Listed entries ::
= = = = =
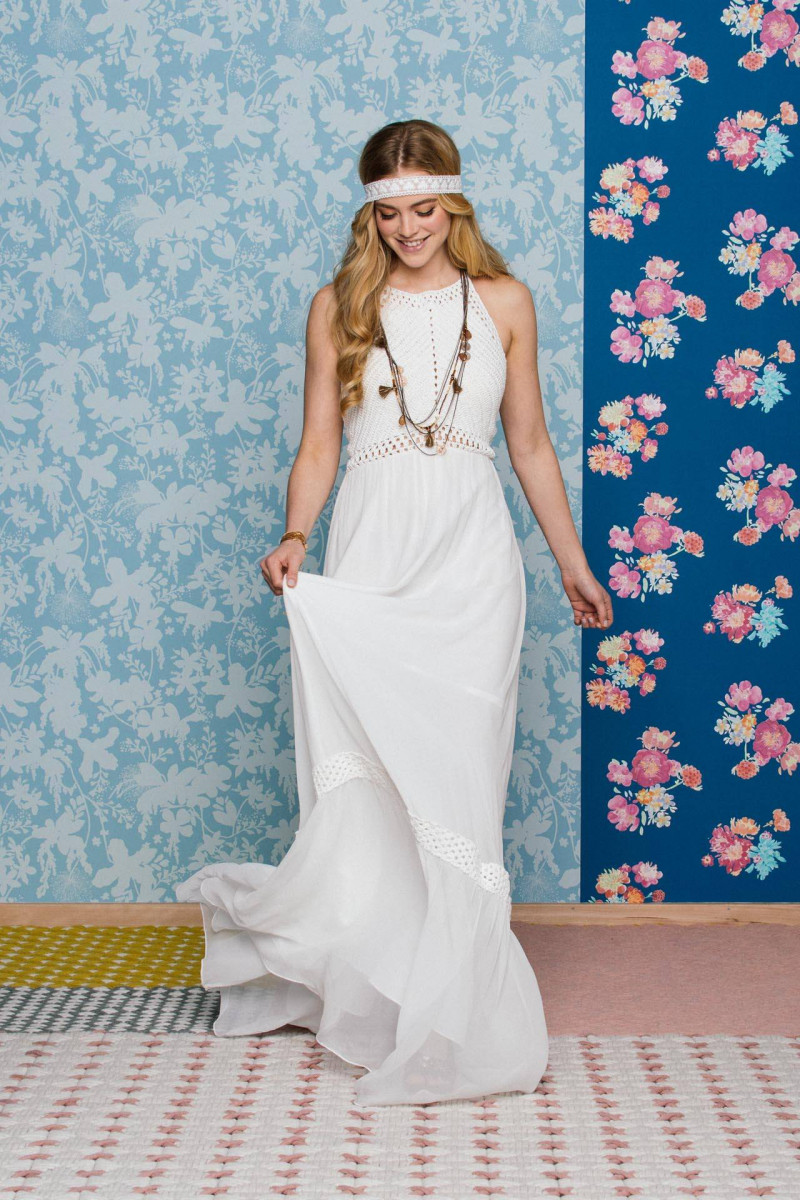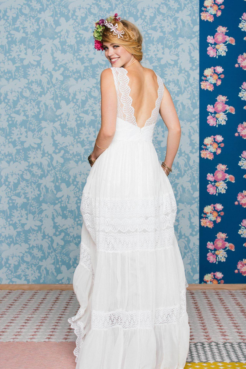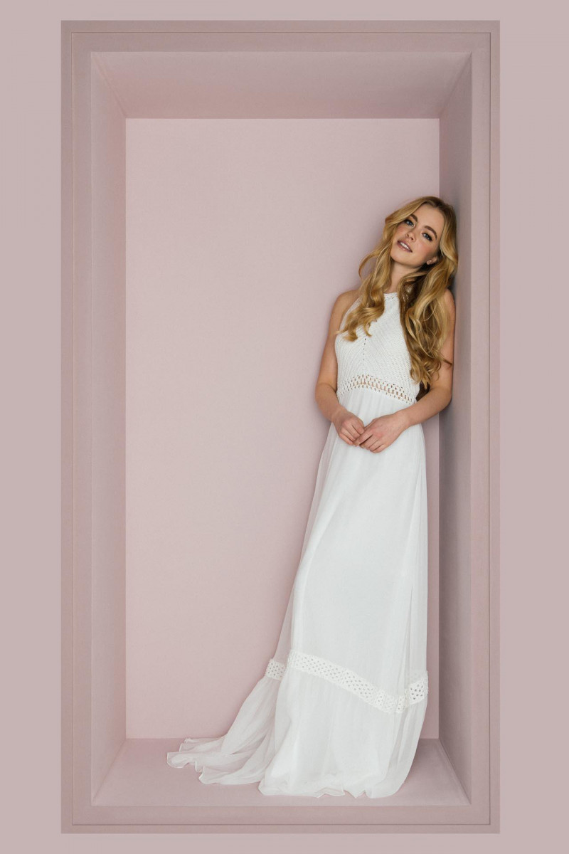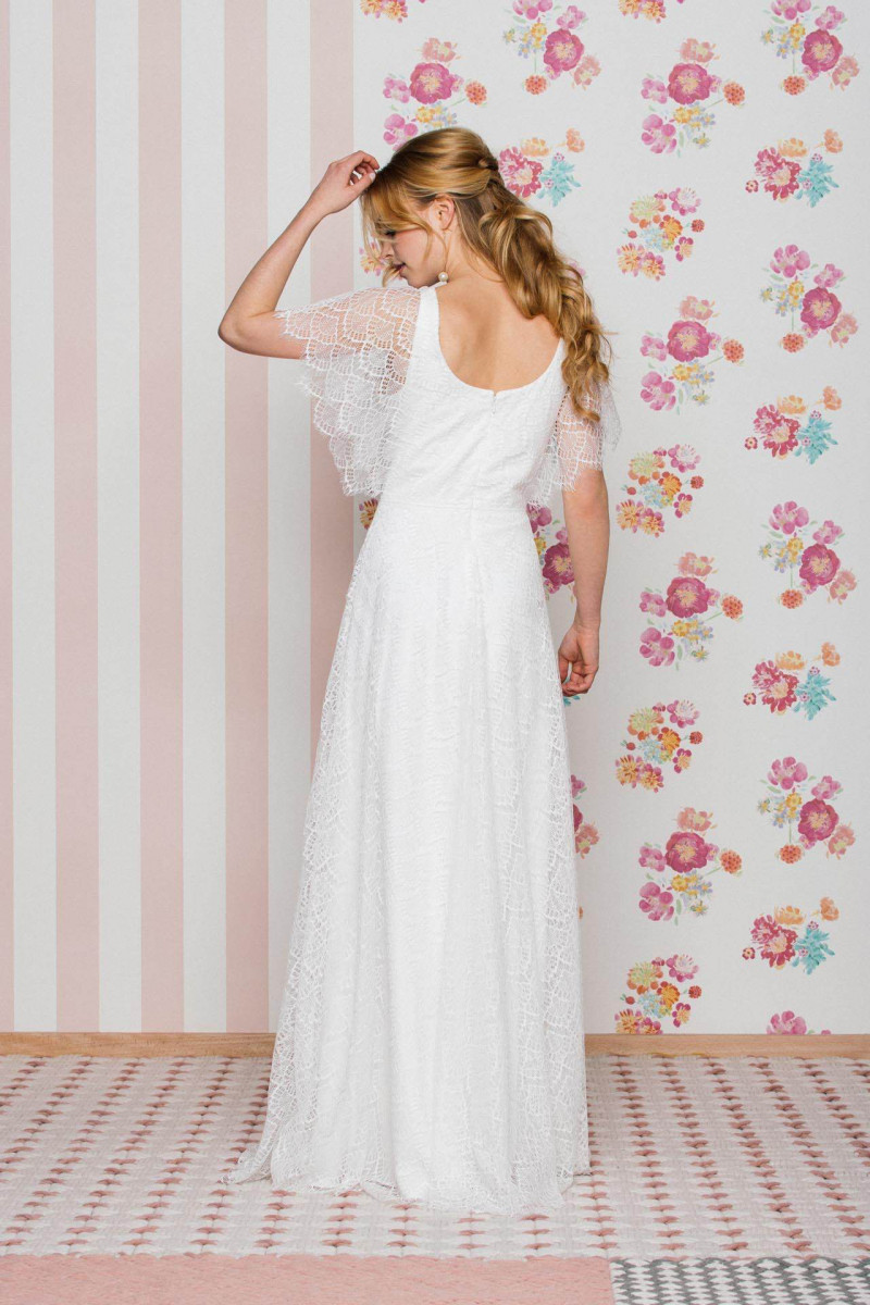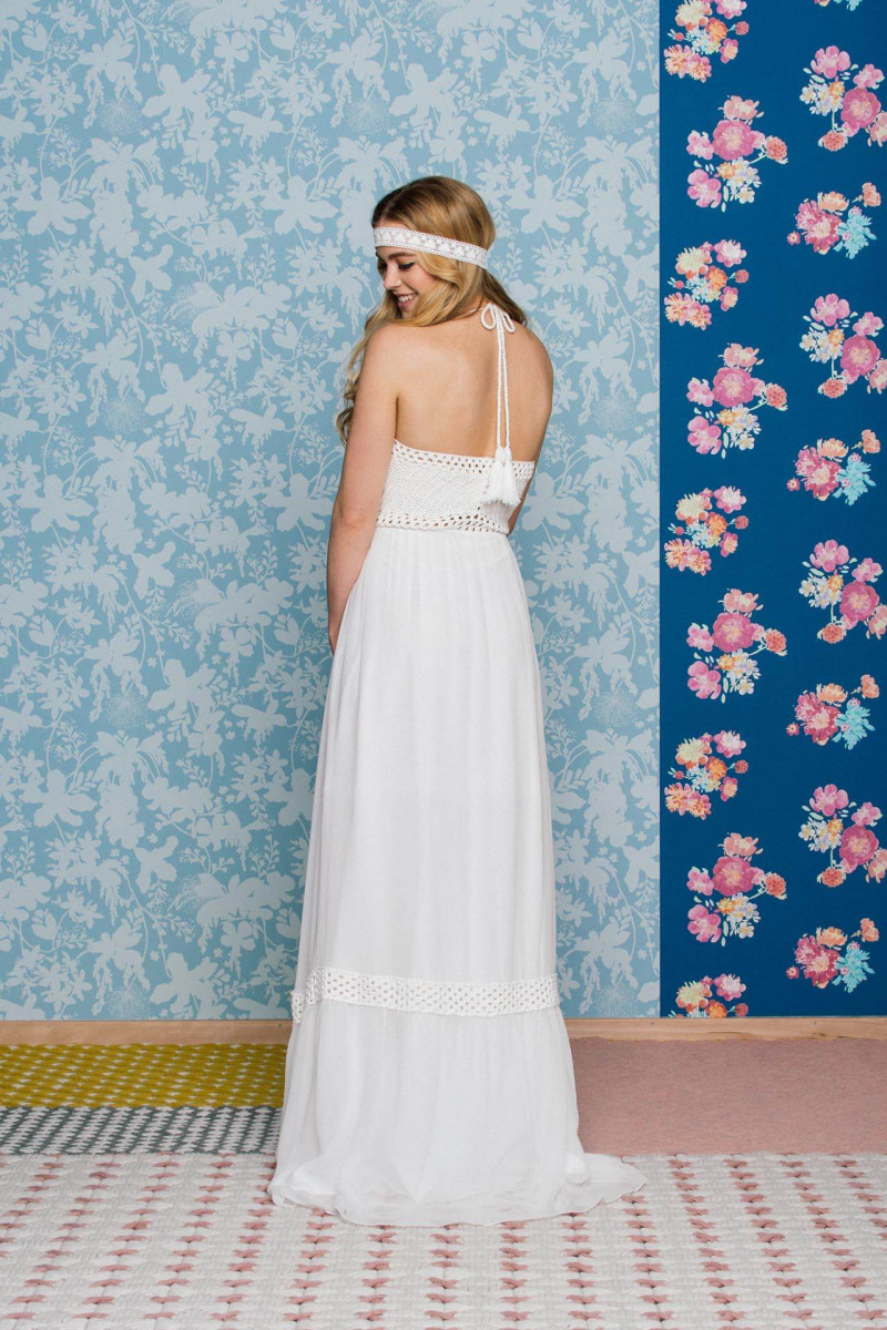 Die neue küssdiebraut Kollektion spricht selbstbewusste, moderne Bräute an, die in einem Brautlook fernab des Mainstreams heiraten möchten. Ob als Hippie, Boho, Vintage, freche oder urbane Braut, 2019 wird sich individuell und authentisch getraut! Designerin Kerstin Mechler liebt zarte Spitzenstoffe in den unterschiedlichsten Designs – mit Blüten, Tupfen, Ranken, Wellen oder Schmetterlingen. Gepaart mit fließenden Seidenröcken versprühen sie 20er Jahre Flair und allover in federleichten, lockeren Silhouetten zaubern sie lässige 70ies Hippie Brautkleider. Ein Highlight der neuen Kollektion sind die luftigen Ibiza Brautkleider mit zarten Spaghettiträgern oder handgehäkeltem Neckholder, die nicht nur bei einer Strandhochzeit Urlaubsfeeling verbreiten. Passend dazu werden goldene Body Chains und große baumwollige Boho Tücher statt Boleros kombiniert. Auch die 50er Jahre stehen bei küssdiebraut hoch im Kurs, weit schwingende Tellerröcke und farbige Petticoats verbreiten gute Laune und Tanzstimmung und witzige 60ies Minikleider sind perfekt für unkonventionelle Standesamt Bräute. Abgerundet wird die Kollektion durch schlichte, lässig urbane Brautkleider in Chiffon und einem coolen Jumpsuit für entspannte Bräute. Ob kurzes oder langes Brautkleid – der Blickfang liegt in dieser Saison am Oberkörper: die Designerin spielt mit den unterschiedlichsten Armlösungen von amerikanischem Armausschnitt über Trägervarianten, Flügelbis Langarm mit Fledermaus- und Trompetenärmeln und betont den Rücken durch raffinierte Schlitze, tief geschnittene Ausschnitte oder transparente Spitzeneinsätze.
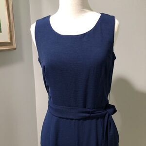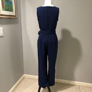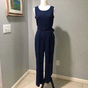 Tahari Navy Blue Sleeveless One-Piece Jumpsuit with Tie Sash Size 2
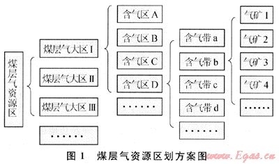 中國煤層氣資源豐富,目前正處于煤層氣開發(fā)大發(fā)展前期,迫切需要對中國整體煤層氣特別是基于基本單元層次的資源狀況進(jìn)行整體分析和評價。經(jīng)過近20a的地質(zhì)研究和勘探實(shí)踐,煤層氣地質(zhì)單元的劃分有多種意見[1]。參考相關(guān)研究成果,并考慮實(shí)際資料與實(shí)際勘探開發(fā)活動程度,按煤層氣大區(qū)、含氣區(qū)、含氣帶、氣田這4個級別進(jìn)行中國煤層氣資源分布區(qū)劃(見圖1)。
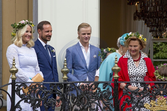 Info - Norvège: Marius Borg Hoiby, le fils de la princesse Mette-Marit soupçonné de 23 infractions dont trois viols - La princesse Mette Marit, le prince Haakon, Marius Borg Hoiby , la princesse Astrid, la reine Sonja - La famille royale de Norvège lors de la garden party du jubilé des 25 ans de règne du roi Harald de Norvège à Trondheim le 23 juin 2016. King Harald celebrates his 25 year jubilee as King of Norway in with a visit with King's Ship Norge and other members of the Royal Family in Trondheim
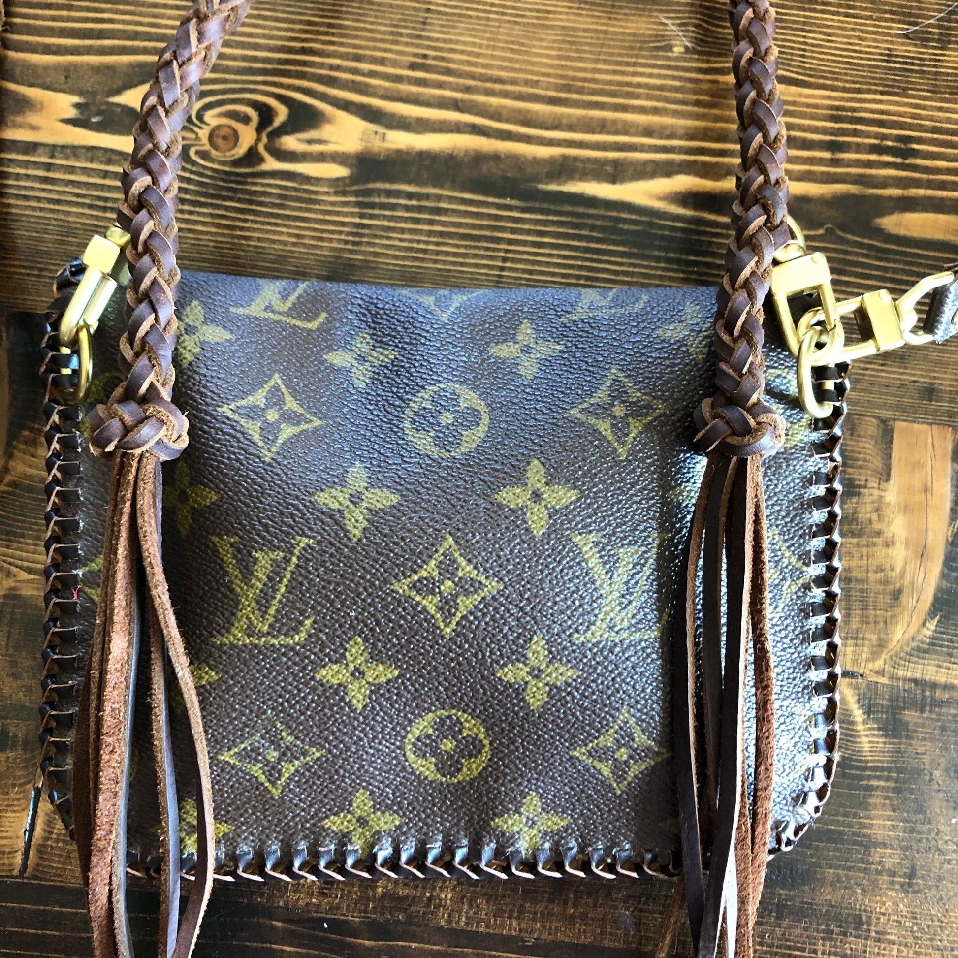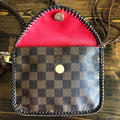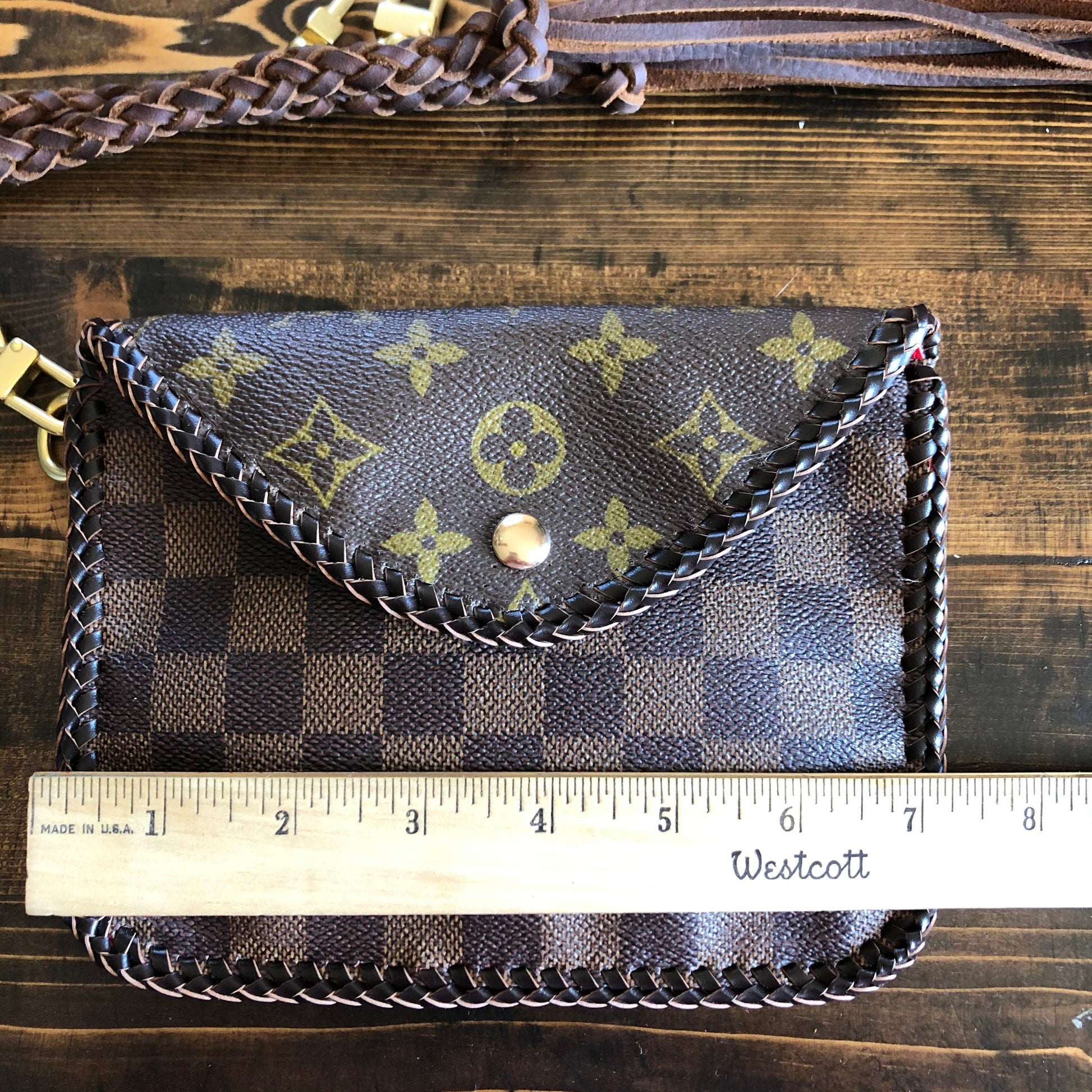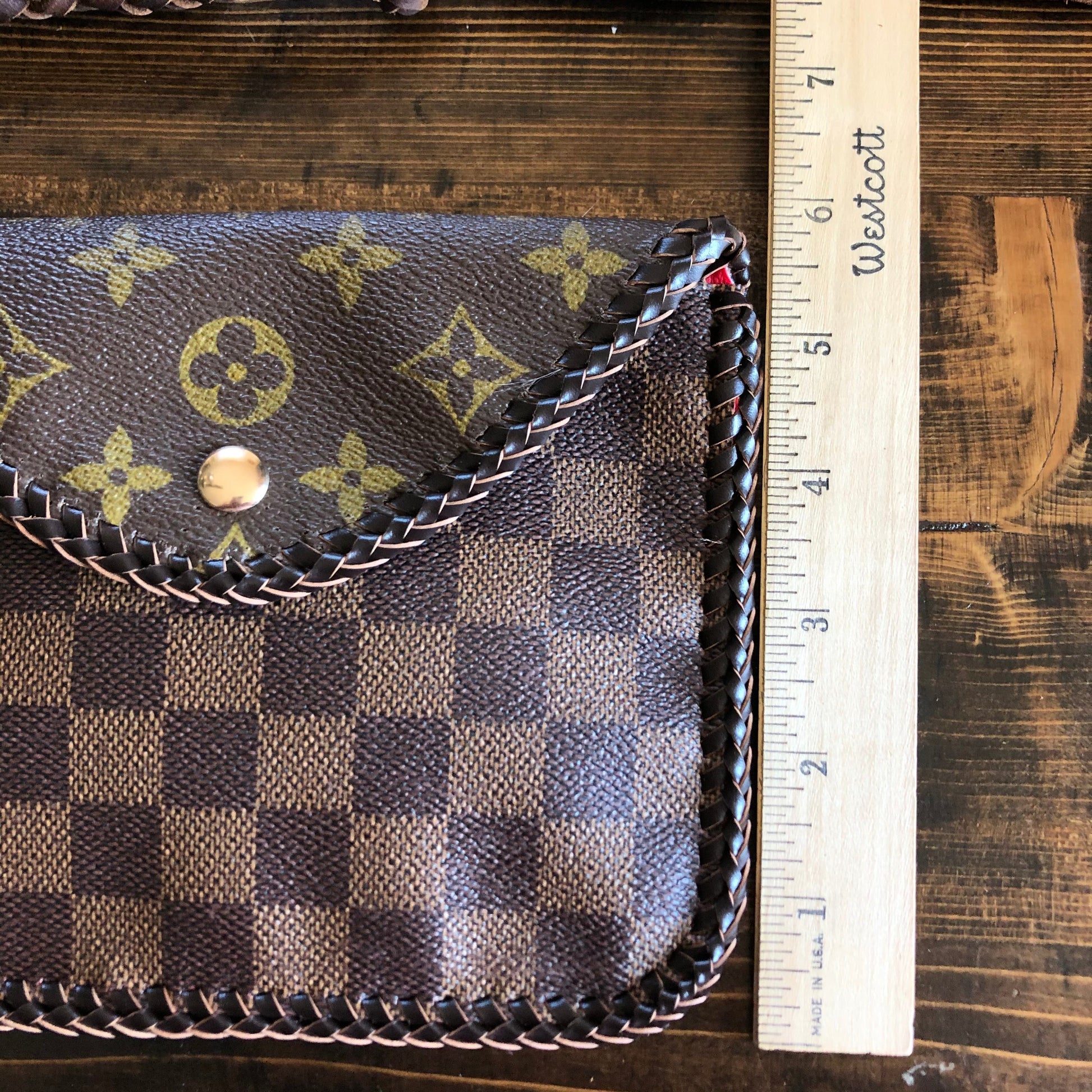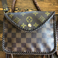 As always, Louis Vuitton bags were used to make this one-of-a-kind piece. I just love how the Damier Ebene looks with the Monogram print!!! The entire bag has been lined in a bright red vegan leather to give the canvas more of a substantial feel. The outside edge is brown leather lace which has been stitched by hand. There are brass D-rings secured in the back so that you can go from crossbody to wristlet to clutch! The wristlet strap is in Monogram. The dark brown leather crossbody strap is 6 strands braided together, with a flat section to go across your body, but then round as it moves towards the clasp. And remember, both straps can be removed to turn this into a beautiful clutch. A simple gold button magnetic snap completes this look.
= = = = =
What is needed is an exact copy of the records above, with no pictures in it.

 Die neue küssdiebraut Kollektion spricht selbstbewusste, moderne Bräute an, die in einem Brautlook fernab des Mainstreams heiraten möchten. Ob als Hippie, Boho, Vintage, freche oder urbane Braut, 2019 wird sich individuell und authentisch getraut! Designerin Kerstin Mechler liebt zarte Spitzenstoffe in den unterschiedlichsten Designs – mit Blüten, Tupfen, Ranken, Wellen oder Schmetterlingen. Gepaart mit fließenden Seidenröcken versprühen sie 20er Jahre Flair und allover in federleichten, lockeren Silhouetten zaubern sie lässige 70ies Hippie Brautkleider. Ein Highlight der neuen Kollektion sind die luftigen Ibiza Brautkleider mit zarten Spaghettiträgern oder handgehäkeltem Neckholder, die nicht nur bei einer Strandhochzeit Urlaubsfeeling verbreiten. Passend dazu werden goldene Body Chains und große baumwollige Boho Tücher statt Boleros kombiniert. Auch die 50er Jahre stehen bei küssdiebraut hoch im Kurs, weit schwingende Tellerröcke und farbige Petticoats verbreiten gute Laune und Tanzstimmung und witzige 60ies Minikleider sind perfekt für unkonventionelle Standesamt Bräute. Abgerundet wird die Kollektion durch schlichte, lässig urbane Brautkleider in Chiffon und einem coolen Jumpsuit für entspannte Bräute. Ob kurzes oder langes Brautkleid – der Blickfang liegt in dieser Saison am Oberkörper: die Designerin spielt mit den unterschiedlichsten Armlösungen von amerikanischem Armausschnitt über Trägervarianten, Flügelbis Langarm mit Fledermaus- und Trompetenärmeln und betont den Rücken durch raffinierte Schlitze, tief geschnittene Ausschnitte oder transparente Spitzeneinsätze.
 Tahari Navy Blue Sleeveless One-Piece Jumpsuit with Tie Sash Size 2
 中國煤層氣資源豐富,目前正處于煤層氣開發(fā)大發(fā)展前期,迫切需要對中國整體煤層氣特別是基于基本單元層次的資源狀況進(jìn)行整體分析和評價。經(jīng)過近20a的地質(zhì)研究和勘探實(shí)踐,煤層氣地質(zhì)單元的劃分有多種意見[1]。參考相關(guān)研究成果,并考慮實(shí)際資料與實(shí)際勘探開發(fā)活動程度,按煤層氣大區(qū)、含氣區(qū)、含氣帶、氣田這4個級別進(jìn)行中國煤層氣資源分布區(qū)劃(見圖1)。
 Info - Norvège: Marius Borg Hoiby, le fils de la princesse Mette-Marit soupçonné de 23 infractions dont trois viols - La princesse Mette Marit, le prince Haakon, Marius Borg Hoiby , la princesse Astrid, la reine Sonja - La famille royale de Norvège lors de la garden party du jubilé des 25 ans de règne du roi Harald de Norvège à Trondheim le 23 juin 2016. King Harald celebrates his 25 year jubilee as King of Norway in with a visit with King's Ship Norge and other members of the Royal Family in Trondheim
 As always, Louis Vuitton bags were used to make this one-of-a-kind piece. I just love how the Damier Ebene looks with the Monogram print!!! The entire bag has been lined in a bright red vegan leather to give the canvas more of a substantial feel. The outside edge is brown leather lace which has been stitched by hand. There are brass D-rings secured in the back so that you can go from crossbody to wristlet to clutch! The wristlet strap is in Monogram. The dark brown leather crossbody strap is 6 strands braided together, with a flat section to go across your body, but then round as it moves towards the clasp. And remember, both straps can be removed to turn this into a beautiful clutch. A simple gold button magnetic snap completes this look.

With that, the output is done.